>>>

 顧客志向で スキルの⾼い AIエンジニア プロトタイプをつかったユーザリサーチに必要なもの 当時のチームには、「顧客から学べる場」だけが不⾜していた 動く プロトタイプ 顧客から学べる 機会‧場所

<<<
>>>

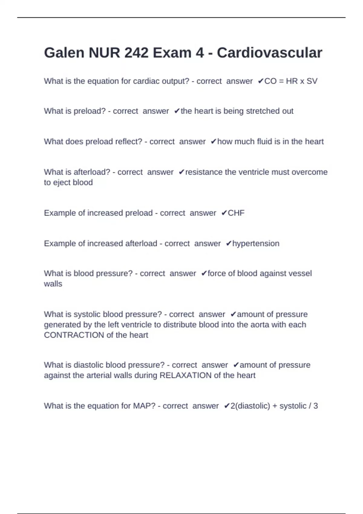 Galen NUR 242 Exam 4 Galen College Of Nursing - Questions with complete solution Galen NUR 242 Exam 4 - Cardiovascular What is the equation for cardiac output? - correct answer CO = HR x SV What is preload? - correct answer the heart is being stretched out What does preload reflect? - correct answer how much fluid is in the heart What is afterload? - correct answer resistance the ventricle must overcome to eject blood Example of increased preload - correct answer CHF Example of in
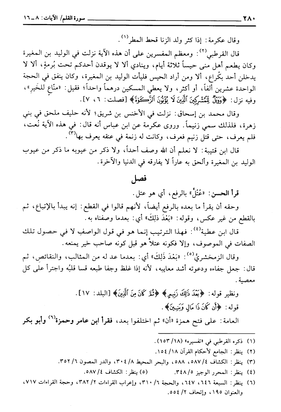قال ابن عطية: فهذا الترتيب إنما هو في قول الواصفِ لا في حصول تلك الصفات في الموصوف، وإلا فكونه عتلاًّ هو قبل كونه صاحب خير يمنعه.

<<<

§ The task:
Look above and copy only the lines from the one holding "Galen NUR 242 Exam 4 Galen" to the one holding "قال ابن عطية: فهذا", both included, exactly, minus the pictures.

§ Solution to this exercise:
 Galen NUR 242 Exam 4 Galen College Of Nursing - Questions with complete solution Galen NUR 242 Exam 4 - Cardiovascular What is the equation for cardiac output? - correct answer CO = HR x SV What is preload? - correct answer the heart is being stretched out What does preload reflect? - correct answer how much fluid is in the heart What is afterload? - correct answer resistance the ventricle must overcome to eject blood Example of increased preload - correct answer CHF Example of in
قال ابن عطية: فهذا الترتيب إنما هو في قول الواصفِ لا في حصول تلك الصفات في الموصوف، وإلا فكونه عتلاًّ هو قبل كونه صاحب خير يمنعه.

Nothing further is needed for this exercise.